As regards the inter-action on domestic and international monetary rates, a country clearly has an influence on the level of its own domestic rates if its fiscal policy moves in a certain direction. In our case no one would press that our fiscal policy should move any further in the particular direction that we have gone. Therefore, to that extent there must be a general international downward movement of interest rates, which will influence our position.
§ Mr. OrmeWould my right hon. Friend not agree that in view of the reserves of the building societies, about which he has expressed concern, those societies should refrain from putting up their interest rates until the report of the inquiry, to which he has referred? Could he and the Government not take steps to see that this is done?
§ Mr. CallaghanI was very glad that the Prices and Incomes Board supported the point that the Government put, that the level of reserves and liquidity of the building societies needed a careful reexamination. That re-examination, in the light of the report of the Board, will now go on, with the consent of the building societies.
As regards the second part of my hon. Friend's question, we have to move very carefully because, if other interest rates are more competitive, asking the building societies to keep their rates down may well mean that they would not get any extra inflow of funds and would not, therefore, be able to lend for house purchase.
§ Mr. LubbockDoes the Chancellor not think it unfair that house owners who are not able to ask for increases in their wages and salaries are now to have to pay considerably more in mortgage interest charges? I am not blaming the building societies for this, but does he not think that now is the time for a general lowering of interest rates, led by a reduction in the Bank Rate, thus affecting the general tightness of credit restrictions?

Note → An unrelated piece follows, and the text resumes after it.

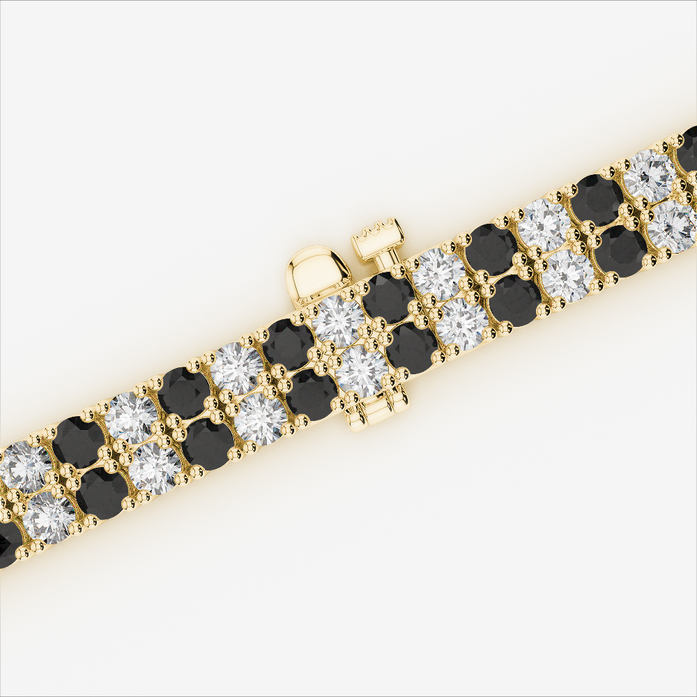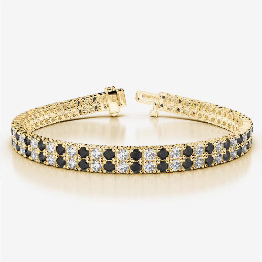 Elevate your collection with our Double Row Pave Set black diamond and diamond bracelet. The prong-set round-cut diamonds and black diamonds shine with remarkable clarity, delivering classic elegance for modern women. Whether worn solo or layered, this bracelet is an enduring token of grace and celebration.

§ Mr. CallaghanAs a matter of principle, I have every desire to agree with the hon. Gentleman that it is time that interest rates in the world came down. I think the sooner the better. Certainly, the Government are putting all of their efforts in that direction.
On the general question of whether borrowers have to pay more, this may not necessarily be the case. As the hon. Gentleman will know, the building societies are ready to make arrangements—and they have confirmed them again—so that those who wish to spread their payments over a longer period need not have the immediate payments increased.